Для выбора версии тоже следует изменить значение в переменной окружения конфигурационного файла:

environment:
  VERSION: "13"

Версии MacOS перечислены в таблице выше.

Запуск контейнера Windows на сервере

Установить контейнер можно через Docker Compose, вот файл compose.yaml, который практически идентичен файлу для MacOS:

services:
  windows:
    image: dockurr/windows
    container_name: windows
    environment:
      VERSION: "11"
    devices:
      - /dev/kvm
      - /dev/net/tun
    cap_add:
      - NET_ADMIN
    ports:
      - 8006:8006
      - 3389:3389/tcp
      - 3389:3389/udp
    volumes:
      - ./windows:/storage
    restart: always
    stop_grace_period: 2m

Или из командной строки:

docker run -it --rm --name windows -p 8006:8006 --device=/dev/kvm --device=/dev/net/tun --cap-add NET_ADMIN -v ${PWD:-.}/windows:/storage --stop-timeout 120 dockurr/windows

По умолчанию устанавливается Windows 11 Pro, другие версии можно указать, изменив параметр переменной окружения, как написано выше.

Дальнейший процесс полностью автоматический, нужно дождаться, пока контейнер скачается и запустится.
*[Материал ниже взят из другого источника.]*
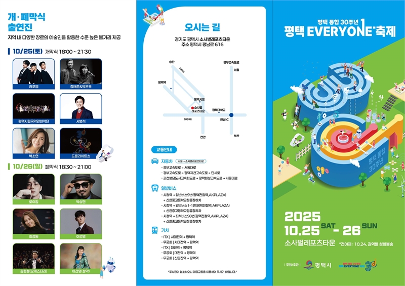 평택시가 통합 30주년을 맞아 시민 모두가 함께 즐길 수 있는 대규모 시민축제 ‘평택 EVERYONE 축제’를 오는 10월 25일(토)부터 26일(일)까지 소사벌레포츠타운 일원(평남로 616)에서 개최한다.1995년 평택시와 송탄시, 평택군이 하나로 통합되어 지금의 평택시가 탄생한 지 30년이 되는 해를 기념하는 이번 축
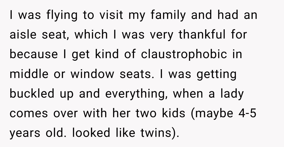 When you’re flying, being asked to switch seats can feel like an impossible situation, especially if you have real reasons for where you’re sitting. In this case, the Redditor needed the aisle because of claustrophobia. The mom, on the other hand, was clearly overwhelmed trying to juggle two small children.
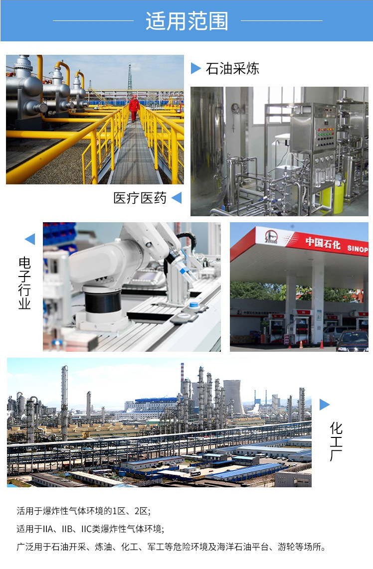 使用环境 | 适用于IIA、IIB、IIC级爆炸性气 | ||
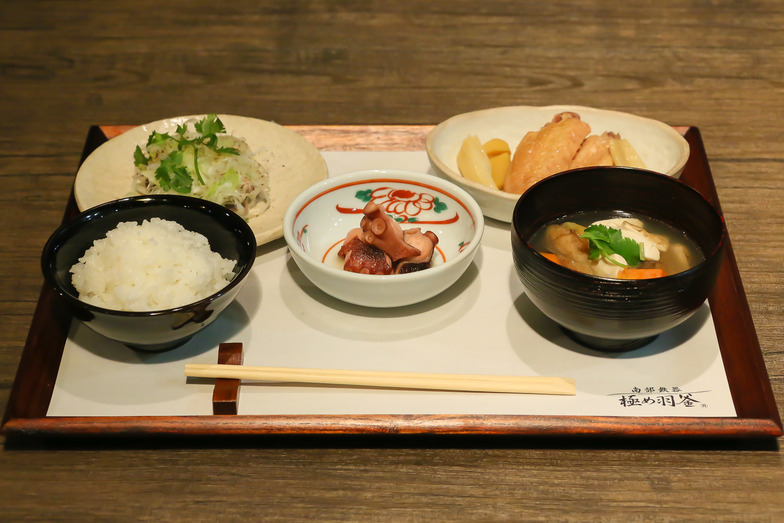 During lunchtime, they offer the "Ultimate Meal Set" featuring rice cooked in the pressure IH rice cooker "Nanbu Tekki Ultimate Haga-kama" and one soup with three side dishes, limited to 100 servings per day.
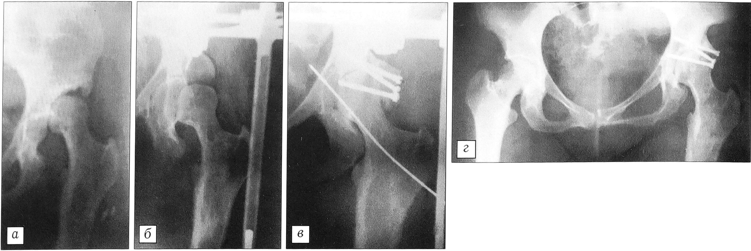 09.09.99 выполнен первый этап операции — наложение анкерно-спицевого аппарата внешней фиксации «таз—бедро» (см. рисунок, б). Через 15 дней бедро было низведено до уровня вертлужной впадины. В этом положении внешняя фиксация продолжалась в течение 30 дней — до полной адаптации мышц бедра и околосуставных мягких тканей. 11.11.99 произведены открытое вправление головки бедра и аутопластика задневерхнего края вертлужной впадины трансплантатами, взятыми из крыла левой подвздошной кости (см. рисунок, в). Фиксация в аппарате продолжалась еще 5 нед. Операционная рана зажила первичным натяжением. Больная передвигалась при помощи костылей. Через 3 мес начала приступать на левую ногу. При обследовании через 2 года: пациентка ходит с опорой на трость, на рентгенограмме: форма вертлужной впадины и костные структуры сустава полностью восстановились (см. рисунок, г). От работы, требующей физической нагрузки, воздерживается. Приобрела новую профессию, не связанную с длительным хождением и подъемом тяжести. Наблюдение продолжается.

Docker будет доступен через браузер на порту 8006.

Если зайти по нашему IP-адресу и указанному порту, мы увидим процесс скачивания ISO-образа Windows с сервера Microsoft:

Потом автоматическая установка и настройка Windows:

Это специальная версия Windows for Docker, она свободно распространяется с сайта Microsoft и требует активации для полноценной работы. Более старые версии Windows работают 30 дней без активации.

После завершения процесса в браузере откроется рабочий стол Windows:

Через браузер у нас работает система удалённого доступа к рабочему столу VNC (Virtual Network Computing), которая заметно подтормаживает, не поддерживает передачу звука и некоторых других функций. Для максимального комфорта рекомендуется настроить удалённый доступ через RDP. Собственно, этот доступ уже настроен в вышеуказанном файле compose.yaml, в котором присутствуют такие строки:

- 3389:3389/tcp
- 3389:3389/udp

По этим портам и осуществляется удалённый доступ к системе из RDP-клиента, такого как Microsoft Remote Desktop, можно на той же физической системе.

В командной строке для запуска контейнера мы видим параметр --device=/dev/kvm. Это указывает на использование виртуальной машины KVM (Kernel-based Virtual Machine), опенсорсной технологии виртуализации, встроенной в Linux. В частности, KVM позволяет превратить Linux в гипервизор для запуска нескольких изолированных виртуальных окружений, то есть виртуальных машин.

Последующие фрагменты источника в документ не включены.